:: Data shown ::
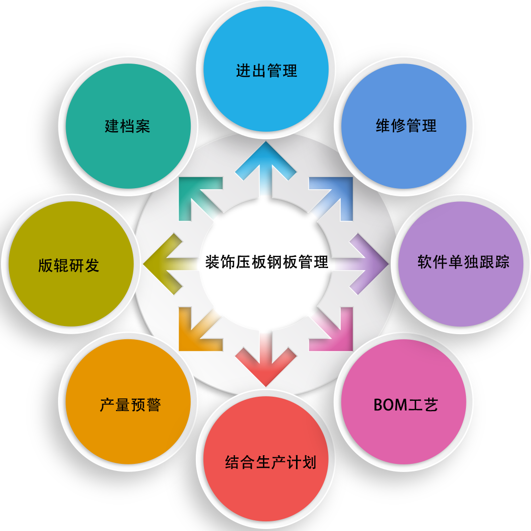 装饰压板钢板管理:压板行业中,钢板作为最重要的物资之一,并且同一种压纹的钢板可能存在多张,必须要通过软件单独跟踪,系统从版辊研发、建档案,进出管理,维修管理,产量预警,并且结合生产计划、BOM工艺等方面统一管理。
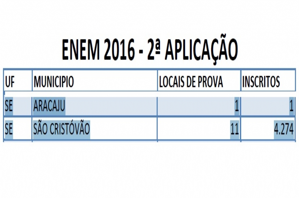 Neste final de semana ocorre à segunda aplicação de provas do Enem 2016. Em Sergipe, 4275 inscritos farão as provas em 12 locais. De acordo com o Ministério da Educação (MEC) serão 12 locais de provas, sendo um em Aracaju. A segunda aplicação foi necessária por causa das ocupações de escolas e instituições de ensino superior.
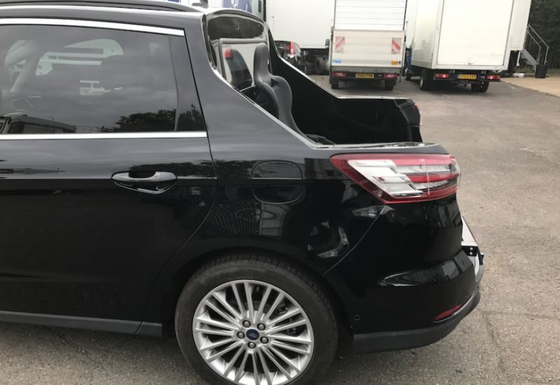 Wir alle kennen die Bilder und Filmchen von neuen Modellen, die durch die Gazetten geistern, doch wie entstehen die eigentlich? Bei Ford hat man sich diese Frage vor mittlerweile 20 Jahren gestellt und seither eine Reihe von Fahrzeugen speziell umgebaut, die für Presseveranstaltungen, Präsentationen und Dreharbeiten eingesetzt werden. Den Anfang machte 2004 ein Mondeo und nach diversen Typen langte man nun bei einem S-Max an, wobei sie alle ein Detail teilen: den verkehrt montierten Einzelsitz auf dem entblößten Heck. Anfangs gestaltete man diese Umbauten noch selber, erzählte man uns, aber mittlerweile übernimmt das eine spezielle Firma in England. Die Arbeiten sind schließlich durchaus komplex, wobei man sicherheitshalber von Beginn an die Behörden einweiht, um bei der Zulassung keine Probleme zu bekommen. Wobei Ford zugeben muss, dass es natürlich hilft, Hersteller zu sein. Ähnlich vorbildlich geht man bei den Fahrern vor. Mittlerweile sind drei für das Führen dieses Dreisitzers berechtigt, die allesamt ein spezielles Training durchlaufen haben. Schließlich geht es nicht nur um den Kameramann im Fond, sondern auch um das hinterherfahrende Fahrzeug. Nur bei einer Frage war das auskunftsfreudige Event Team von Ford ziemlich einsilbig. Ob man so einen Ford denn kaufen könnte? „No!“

--

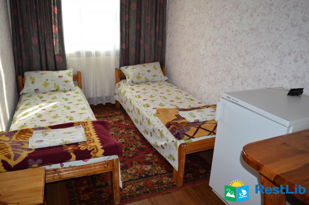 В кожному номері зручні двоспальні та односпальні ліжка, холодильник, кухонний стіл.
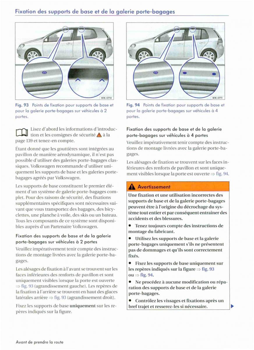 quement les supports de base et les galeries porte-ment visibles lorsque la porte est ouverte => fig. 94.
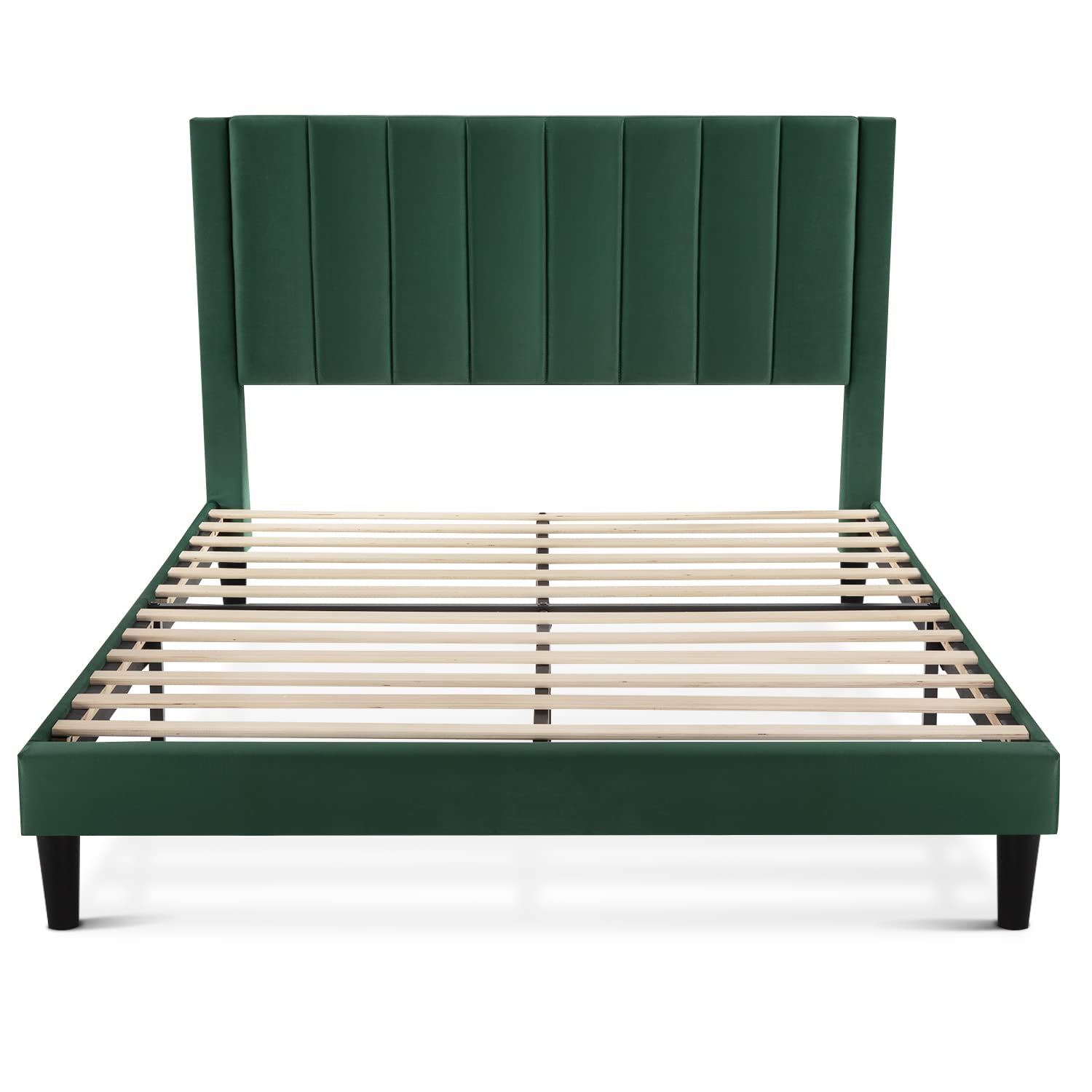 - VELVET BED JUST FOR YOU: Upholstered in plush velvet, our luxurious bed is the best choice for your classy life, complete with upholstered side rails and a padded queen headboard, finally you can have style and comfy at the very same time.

:: Problem ::
From the listing above, please give again the lines that begin with the line holding "装饰压板钢板管理:压板行业中" and go on through the line holding "Neste final de", exactly, both ends included, minus any picture.

:: Written answer ::
 装饰压板钢板管理:压板行业中,钢板作为最重要的物资之一,并且同一种压纹的钢板可能存在多张,必须要通过软件单独跟踪,系统从版辊研发、建档案,进出管理,维修管理,产量预警,并且结合生产计划、BOM工艺等方面统一管理。
 Neste final de semana ocorre à segunda aplicação de provas do Enem 2016. Em Sergipe, 4275 inscritos farão as provas em 12 locais. De acordo com o Ministério da Educação (MEC) serão 12 locais de provas, sendo um em Aracaju. A segunda aplicação foi necessária por causa das ocupações de escolas e instituições de ensino superior.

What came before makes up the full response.